3.6 KiB
BACKLOG — phase dstamp
Build backlog (Builder-owned)
- Read phase plan + plan.md §6.1/§7/§9 + Adversary prep notes + stamp-relevant harness code.
- Establish abra's chaos-version mechanism from abra source @06a57de (= pinned binary).
- Rule out abra-version drift (constant store path since nixos system-4, 2026-06-01).
- Minimal reproductions of the git/abra chaos-version path (cp-a; go-git base; mirror-faithful) — all stamp the CORRECT head 7ae7b0f7, NO drift in current host state.
- Timeline: run 184 (06-05, solo) green @7ae7b0f; clustered 06-10/06-11 runs drift @ same ref.
- Identify shared-stack collision vector (
app_domain= hash(recipe|pr|ref); upgrade chaos_redeploy bypasses app-domain flock). - IN FLIGHT: single clean ISOLATED real run (install,upgrade @7ae7b0f, console-captured) → decide concurrency-artifact vs real drift.
- If concurrency artifact: pin the exact mechanism producing the
eb96de9+Uchaos label on the shared stack (deliberate 2-run concurrency repro if needed); decide the fix (app-lock the upgrade chaos_redeploy / serialize same-stack runs) WITHOUT weakening HC1. - If real env drift: read the isolated-run console, attribute the exact 06-05→06-10 change.
- Blast-radius sweep: every enrolled recipe's latest upgrade-tier evidence for the same signature (prev-base tag commit stamped where a version was expected).
- Restore discourse to its true level in real CI via the drone
!testmepath (M2). - Prove HC1 still has teeth (a deliberately wrong stamp still FAILs).

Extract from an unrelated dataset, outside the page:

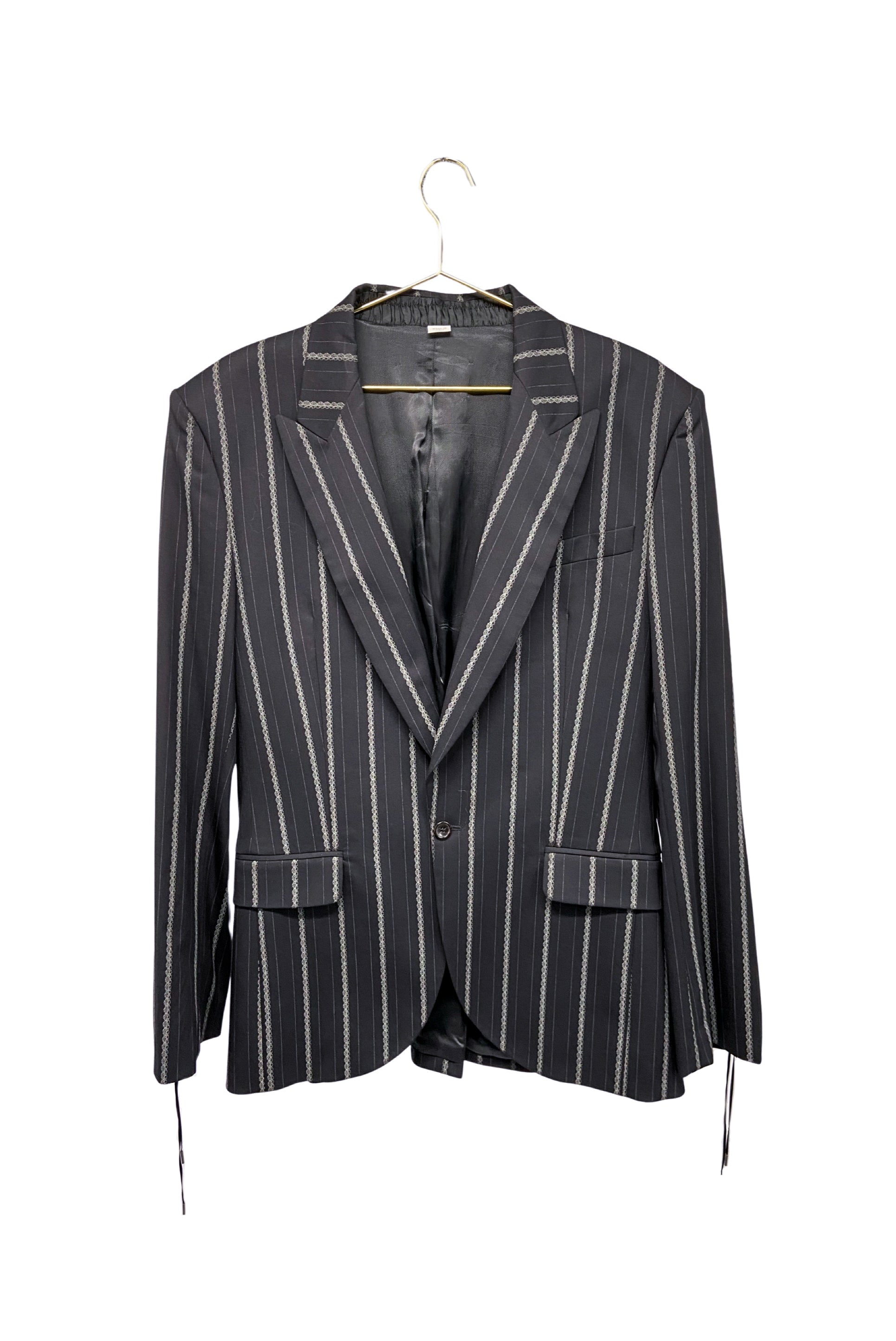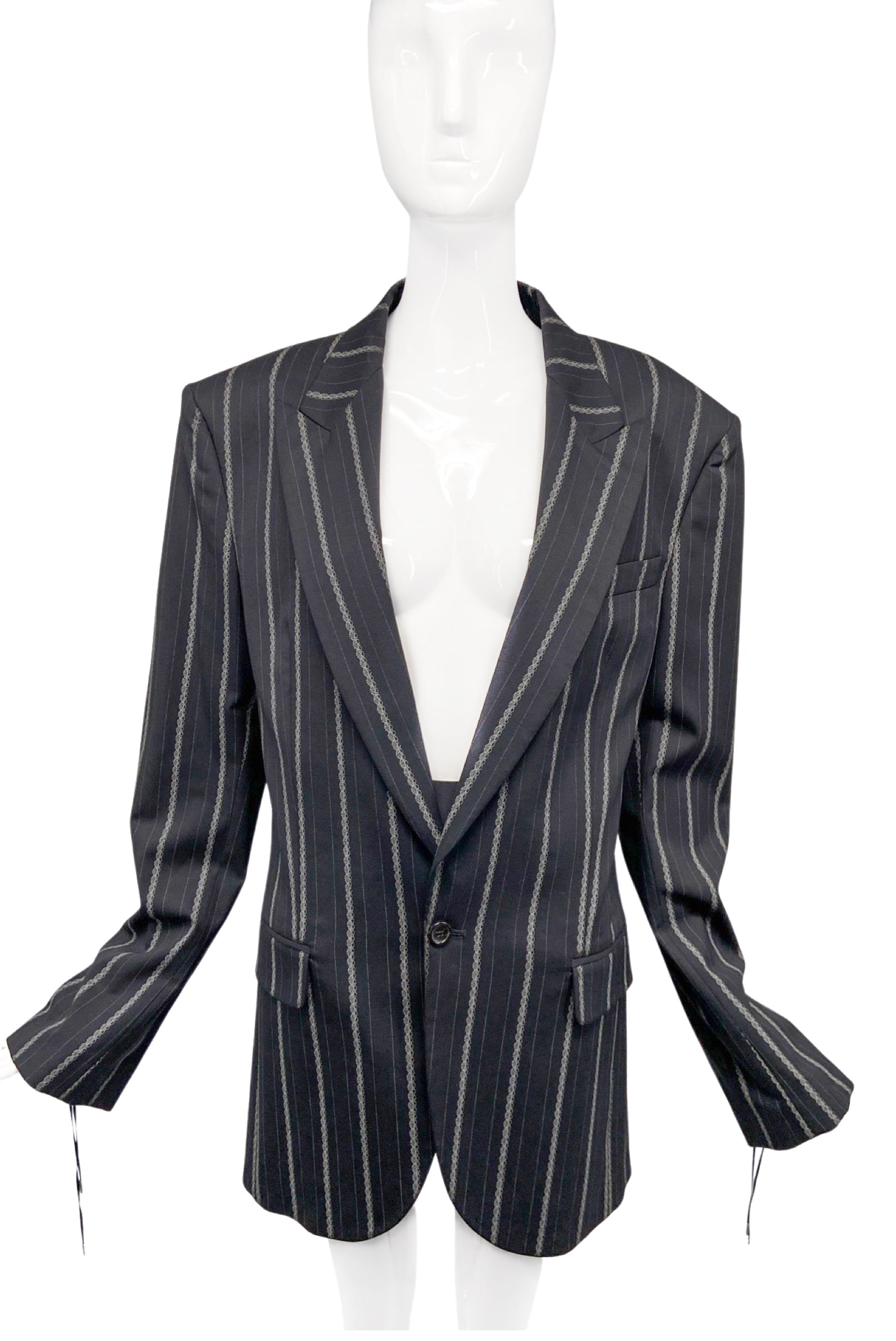 John Galliano Black Pin Stripe Lace Stripe Corset Sleeve Men's Unisex Blazer
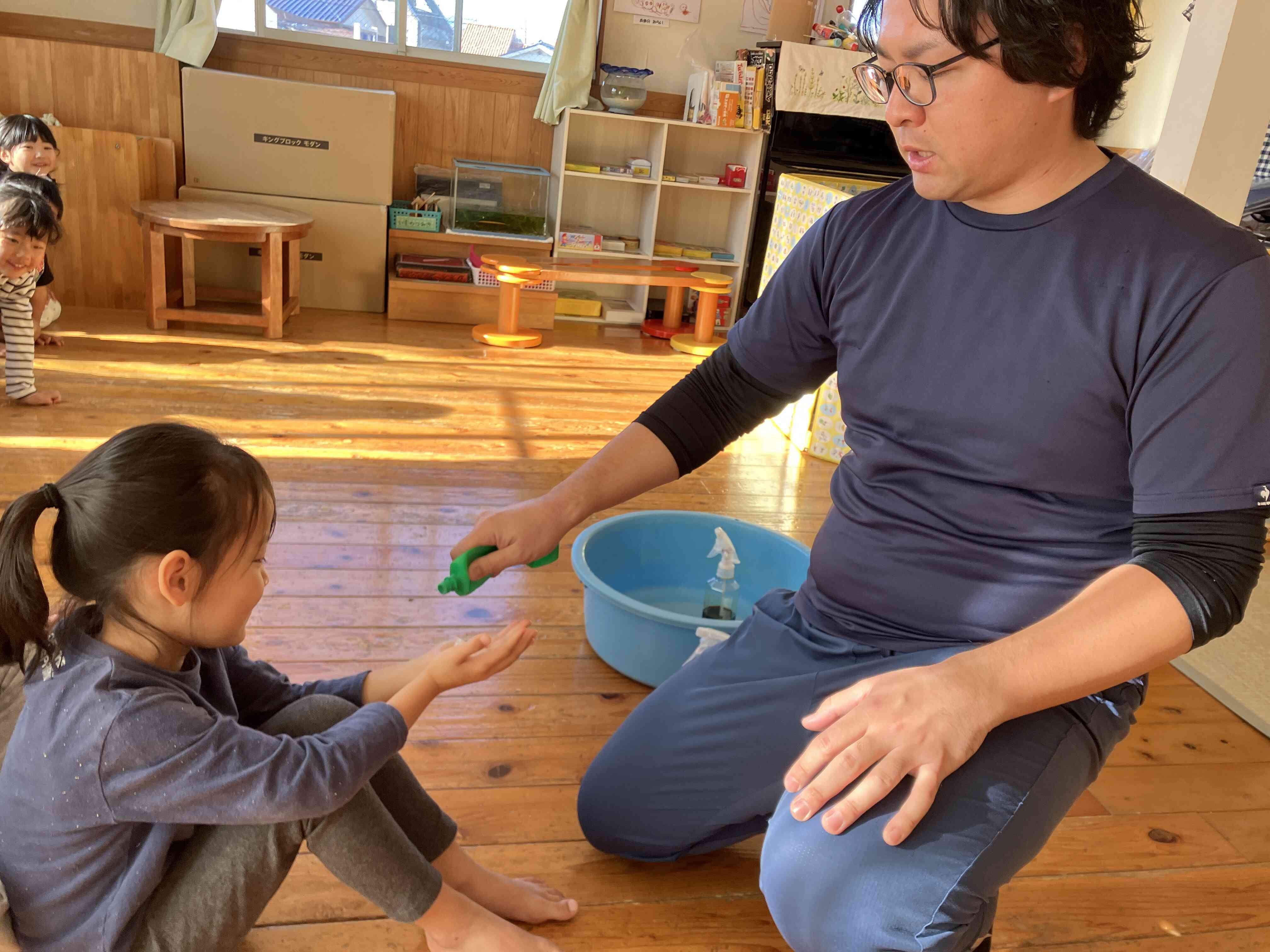 「今日はこの不思議な水を使って手洗いの勉強をします!」

- Close the DEFERRED.md dstamp re-entry with pointers.
Adversary findings
Root cause independently confirmed @2026-06-11T17:3x (JOURNAL not read, anti-anchoring preserved):
Docker Swarm failure_action: rollback + order: start-first in discourse's compose.yml app
service (BOTH eb96de94 base AND 7ae7b0f PR-head). On the upgrade chaos redeploy, start-first
runs OLD + NEW tasks co-resident (~2× memory); the heavy Rails/precompile app fails swarm's 5s
update monitor under host memory pressure → rollback fires → app service spec reverts to
PreviousSpec (chaos-version=eb96de94+U). Because start-first kept the OLD task serving,
wait_healthy passed; deployed_identity read the rolled-back spec; HC1 misreported it as
"stamp mismatch" (the real failure was "new task failed the update monitor").
services_converged blind spot: "rollback_completed" not in blocking states → returned True.
Evidence: docker service inspect disc-ae10f0_..._app confirmed UpdateConfig: {On failure: rollback, Order: start-first, Monitoring Period: 5s}. repro1 (isolated, no concurrency) ALSO
showed drift → pure-concurrency hypothesis REFUTED independently before reading Builder evidence.
abra exonerated: abra reads git HEAD = 7ae7b0f and stamps 7ae7b0f7+U CORRECTLY. Three
bail-at-secrets repros + repro2 debug line confirm. The +U comes from compose.ccci.yml as
untracked file in per-run recipe dir (rcust-era overlay absent from run 184's pre-rcust path).
Fix 0cc31a5 assessed CORRECT: overlay sets order: stop-first (eliminates OOM 2×-memory
trigger); lifecycle.assert_upgrade_converged closes the wait_healthy blind spot by catching
"rollback_completed"|"rollback_paused"|"paused" and failing HONESTLY. HC1 unchanged.
Minor race window in assert_upgrade_converged (first poll could see "none" before Docker
starts the roll) is covered: with stop-first, a post-race rollback also fails wait_healthy.
No blocker. Formal verdict awaits Builder's claim(dstamp) commit.